:: SOURCE DATA ::
-----

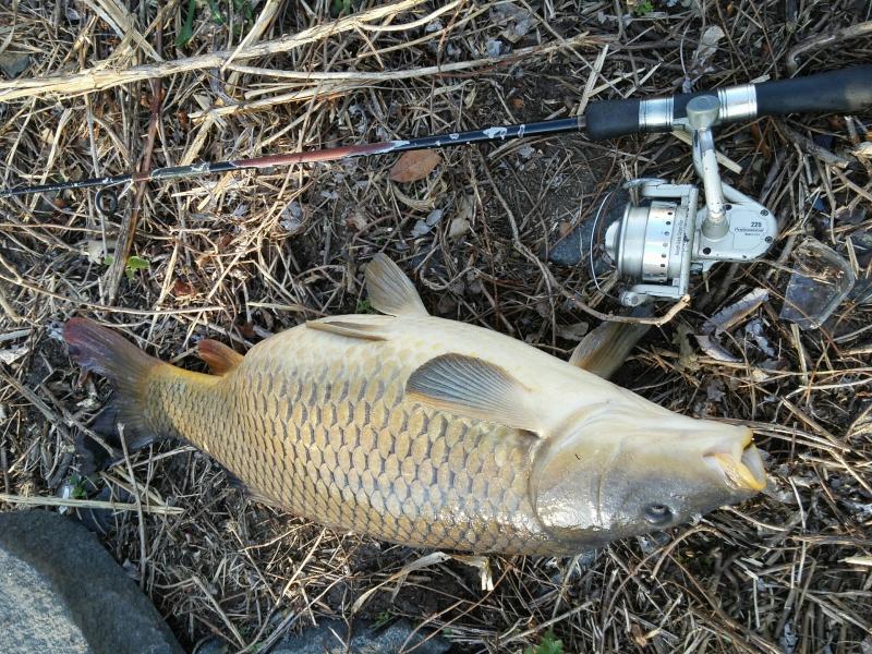 Gravid female common on a 1/32 oz black leadhead jig with yellow eyes and 1" twister tail. Took a half hour to land it in the Millstone River. Lots of carp were jumping but I didn't get a hit on corn meal bait. I was very fortunate that the 2 resident psychopaths didn't come over to my spot and cast across my line like they did the previous day.
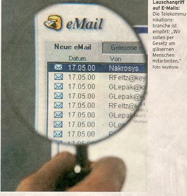 Das Beispiel könnte Schule machen. Die Providerbranche stöhnt angesichts des Starttermins für die E-Mail-Überwachung gemäß der Telekommunikations-Überwachungsverordnung (TKÜV) am 1.1.2005. Während große Telekommunikationsfirmen gerade dabei sind, ihre Anlagen mit enormen Aufwand abhörgerecht zu machen, beschäftigen sich viele kleine Internetanbieter erst jetzt mit den nach dem 11. 9. 2001 verabschiedeten Auflagen. Dabei geraten sie teils in Existenzangst. Schießlich rechnet der Verband der deutschen Internetanbieter eco mit Einstiegskosten für die Abhörtechnik von"20 000 E an aufwärts".
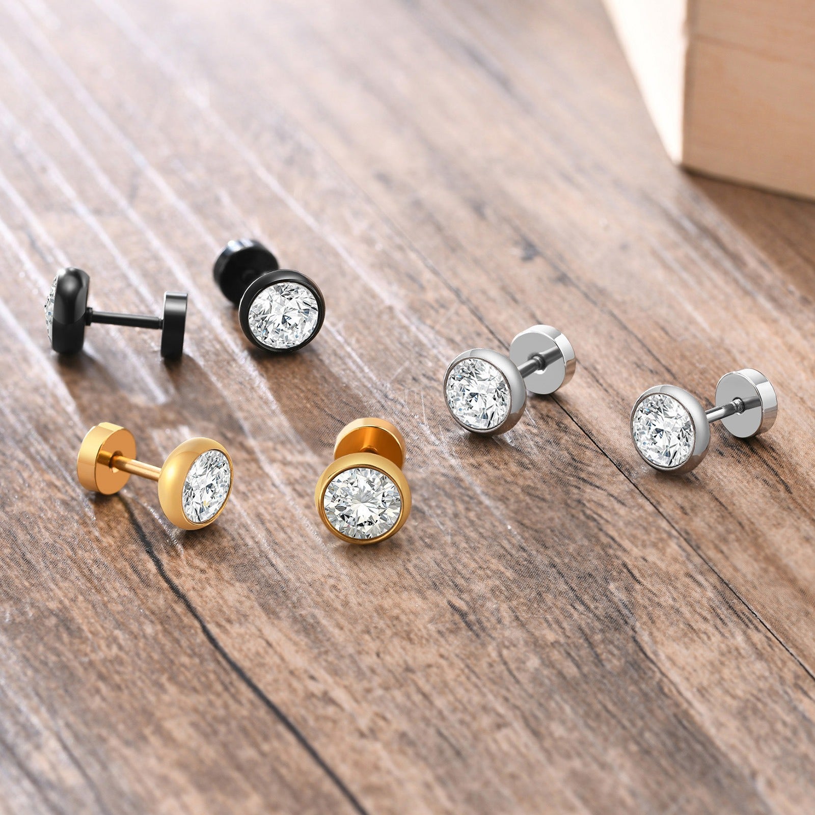 Kemstone Men’s CZ Stud Earrings – Stainless Steel Minimalist Jewelry, Silver/Gold/Black ES-332
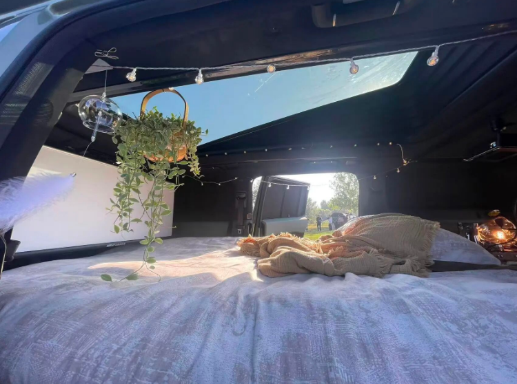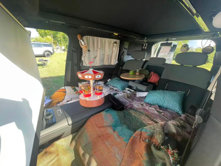 戶外過夜一直是露營體驗(yàn)的痛點(diǎn)。智趣烈馬的“一鍵成床”模式讓人印象深刻——按下按鈕,一、二排座椅在30秒內(nèi)自動放平,形成一張2米大床,且不占用后備箱空間。
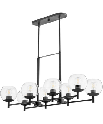 This chandelier boasts eight lights, each capable of holding a 60-watt medium-base bulb (not included), providing ample illumination for any space. The clear glass shades not only protect the bulbs but also diffuse the light beautifully, creating a warm and inviting ambiance. Measuring 21 inches in height, 41.75 inches in width, and 16 inches in depth, this chandelier is substantial enough to make a statement without overwhelming the room.
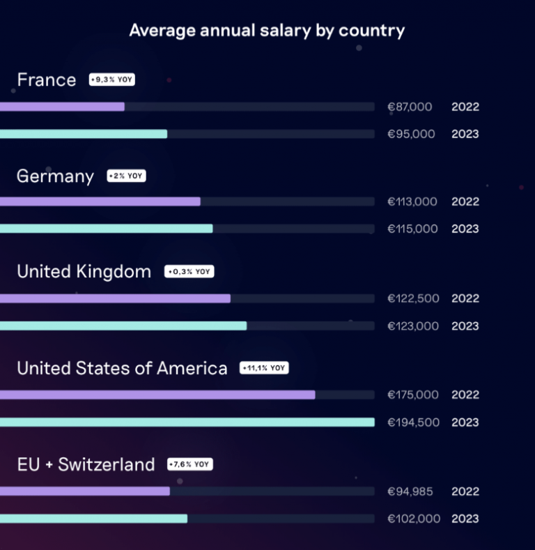 The average overall finance salary in the US is €194,380 / £167,030, which is almost double the €102,192 / £87,813 of Europe. In line with last year’s survey, the UK’s €122,896 / £105,604 average remains Europe’s highest.
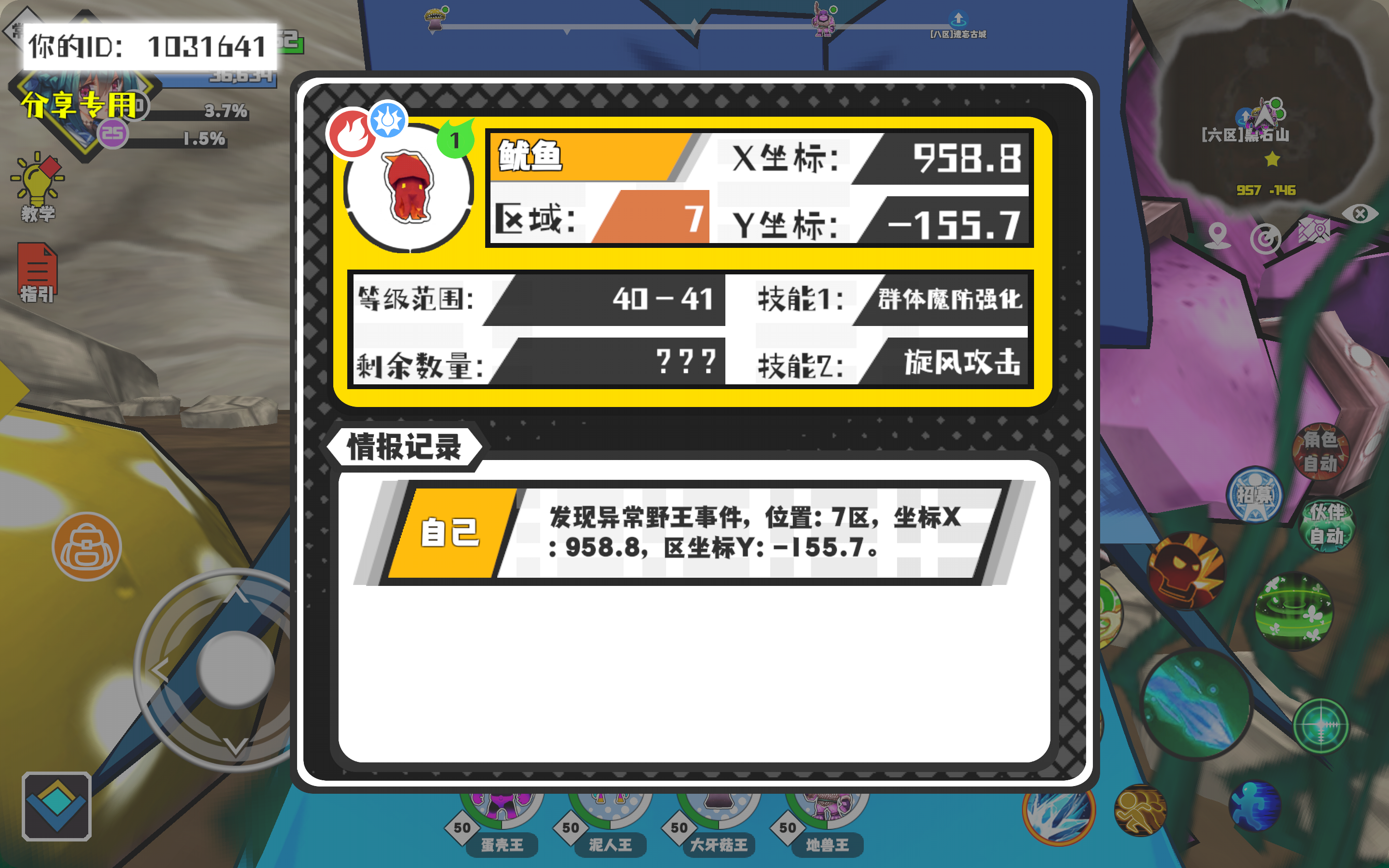 幸运时刻分享! 【野王异常出没】10月26日下午8点 - 鱿鱼【强度1】 【7区】 【X:958.8, Y:-155.7】#超数据世界
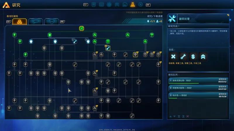 另外,本作的教程部分并没有覆盖地太过全面,一些基础的东西你可以在序章里找到,但在这曾基础稍微往上一点的东西,比如可以视为游戏玩法规则的提高资源储备上限的方法,在流程里并没有告诉你应该怎么去实现,诸如此类还有科技树的解锁以及玩法等等,在流程模式下当你接到了对应的任务,很可能会一头雾水,最后只能逐一去建筑和系统菜单里自行摸索。
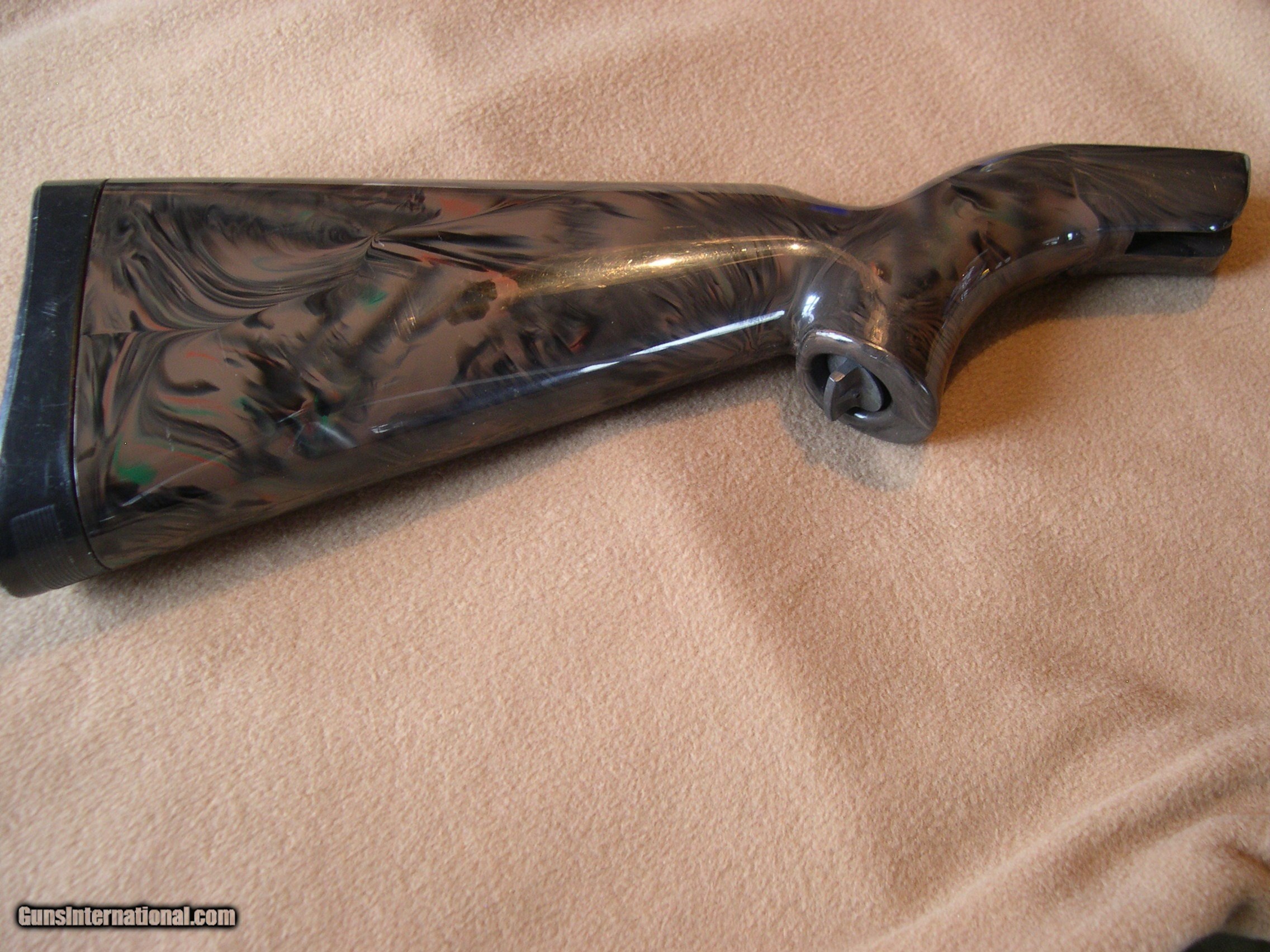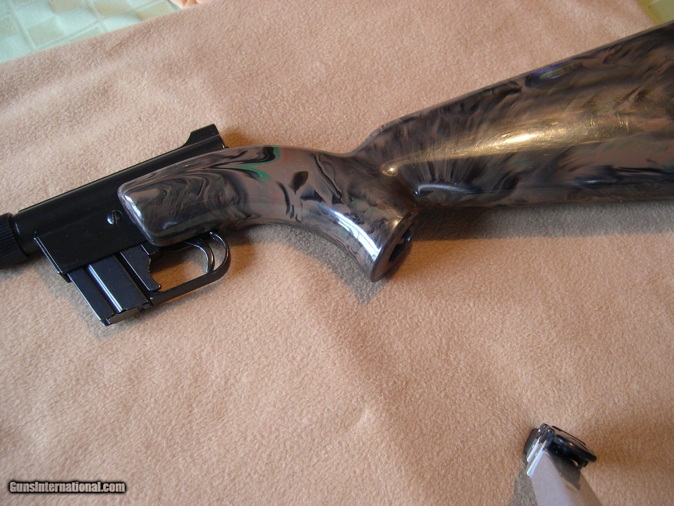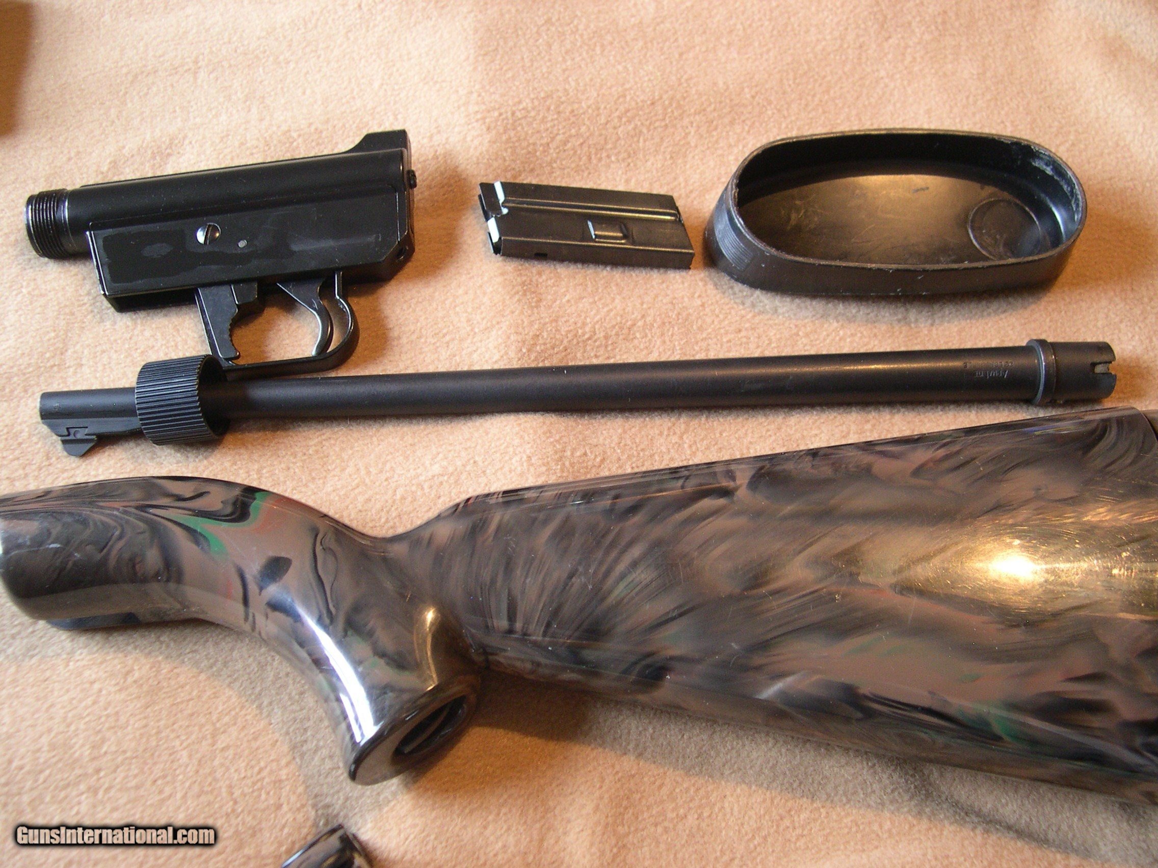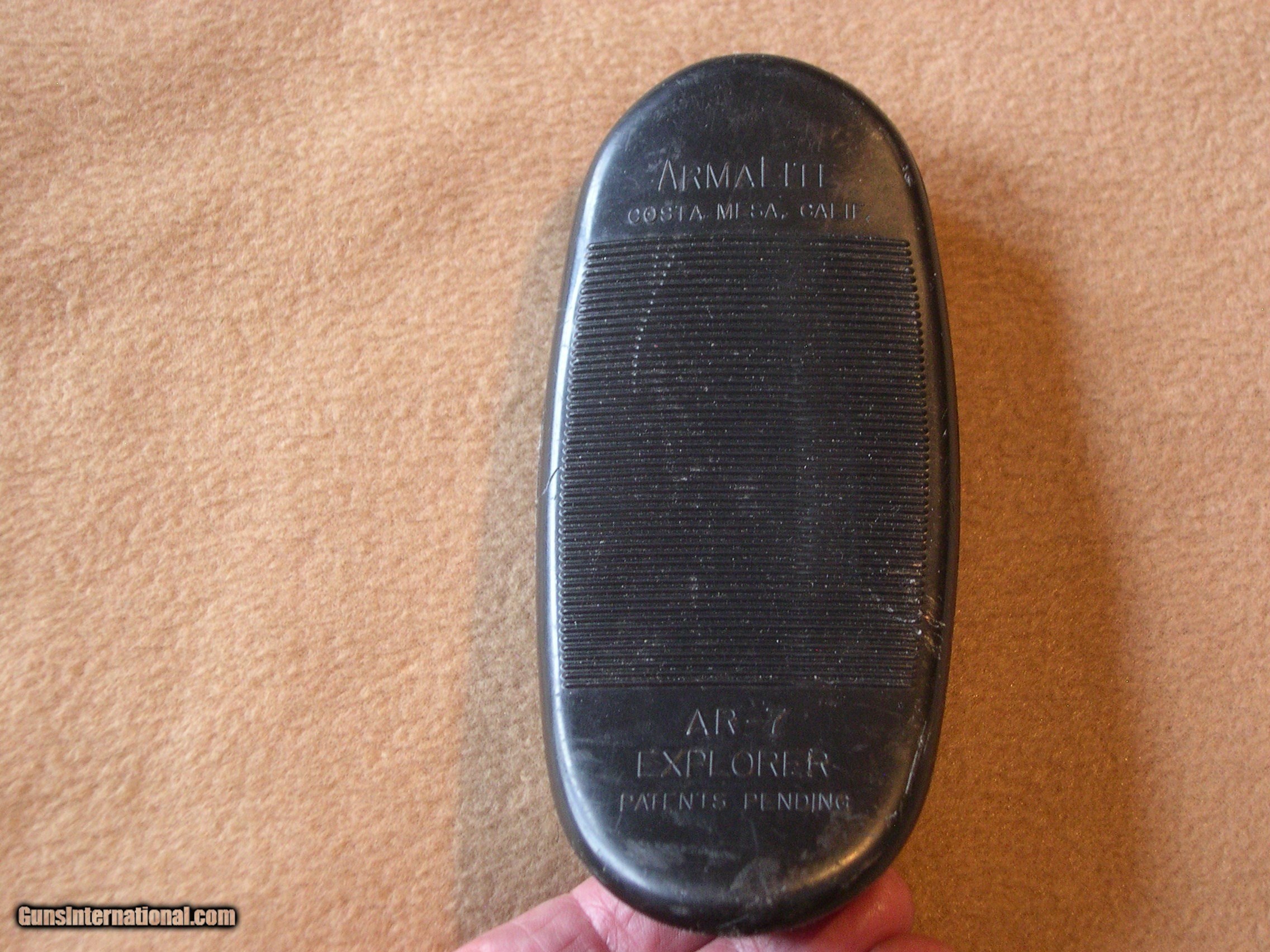 Description: Invented by Gene Stoner, this is the original AR-7 made in 59 to 73 by Armalite, this one in Brown - black camo pattern, Near mint original condition, I have had it for over ten years, never fired it, They do not come any better than this one, absolutely no cracks or dents anywhgere on gun, hard to get better !! An important collector for Stoner collectors, I would think !! SOLD |
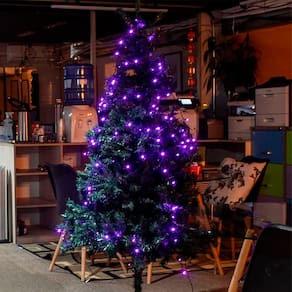Com 200 lâmpadas LED em tom Roxo, este cordão de 17 metros é perfeito para deixar qualquer ambiente mais bonito e festivo

-----

Would you return the material exactly, images excluded?

:: EXERCISE OUTPUT ::
 Gravid female common on a 1/32 oz black leadhead jig with yellow eyes and 1" twister tail. Took a half hour to land it in the Millstone River. Lots of carp were jumping but I didn't get a hit on corn meal bait. I was very fortunate that the 2 resident psychopaths didn't come over to my spot and cast across my line like they did the previous day.
 Das Beispiel könnte Schule machen. Die Providerbranche stöhnt angesichts des Starttermins für die E-Mail-Überwachung gemäß der Telekommunikations-Überwachungsverordnung (TKÜV) am 1.1.2005. Während große Telekommunikationsfirmen gerade dabei sind, ihre Anlagen mit enormen Aufwand abhörgerecht zu machen, beschäftigen sich viele kleine Internetanbieter erst jetzt mit den nach dem 11. 9. 2001 verabschiedeten Auflagen. Dabei geraten sie teils in Existenzangst. Schießlich rechnet der Verband der deutschen Internetanbieter eco mit Einstiegskosten für die Abhörtechnik von"20 000 E an aufwärts".
 Kemstone Men’s CZ Stud Earrings – Stainless Steel Minimalist Jewelry, Silver/Gold/Black ES-332
 戶外過夜一直是露營體驗(yàn)的痛點(diǎn)。智趣烈馬的“一鍵成床”模式讓人印象深刻——按下按鈕,一、二排座椅在30秒內(nèi)自動放平,形成一張2米大床,且不占用后備箱空間。
 This chandelier boasts eight lights, each capable of holding a 60-watt medium-base bulb (not included), providing ample illumination for any space. The clear glass shades not only protect the bulbs but also diffuse the light beautifully, creating a warm and inviting ambiance. Measuring 21 inches in height, 41.75 inches in width, and 16 inches in depth, this chandelier is substantial enough to make a statement without overwhelming the room.
 The average overall finance salary in the US is €194,380 / £167,030, which is almost double the €102,192 / £87,813 of Europe. In line with last year’s survey, the UK’s €122,896 / £105,604 average remains Europe’s highest.
 幸运时刻分享! 【野王异常出没】10月26日下午8点 - 鱿鱼【强度1】 【7区】 【X:958.8, Y:-155.7】#超数据世界
 另外,本作的教程部分并没有覆盖地太过全面,一些基础的东西你可以在序章里找到,但在这曾基础稍微往上一点的东西,比如可以视为游戏玩法规则的提高资源储备上限的方法,在流程里并没有告诉你应该怎么去实现,诸如此类还有科技树的解锁以及玩法等等,在流程模式下当你接到了对应的任务,很可能会一头雾水,最后只能逐一去建筑和系统菜单里自行摸索。
 Description: Invented by Gene Stoner, this is the original AR-7 made in 59 to 73 by Armalite, this one in Brown - black camo pattern, Near mint original condition, I have had it for over ten years, never fired it, They do not come any better than this one, absolutely no cracks or dents anywhgere on gun, hard to get better !! An important collector for Stoner collectors, I would think !! SOLD |
Com 200 lâmpadas LED em tom Roxo, este cordão de 17 metros é perfeito para deixar qualquer ambiente mais bonito e festivo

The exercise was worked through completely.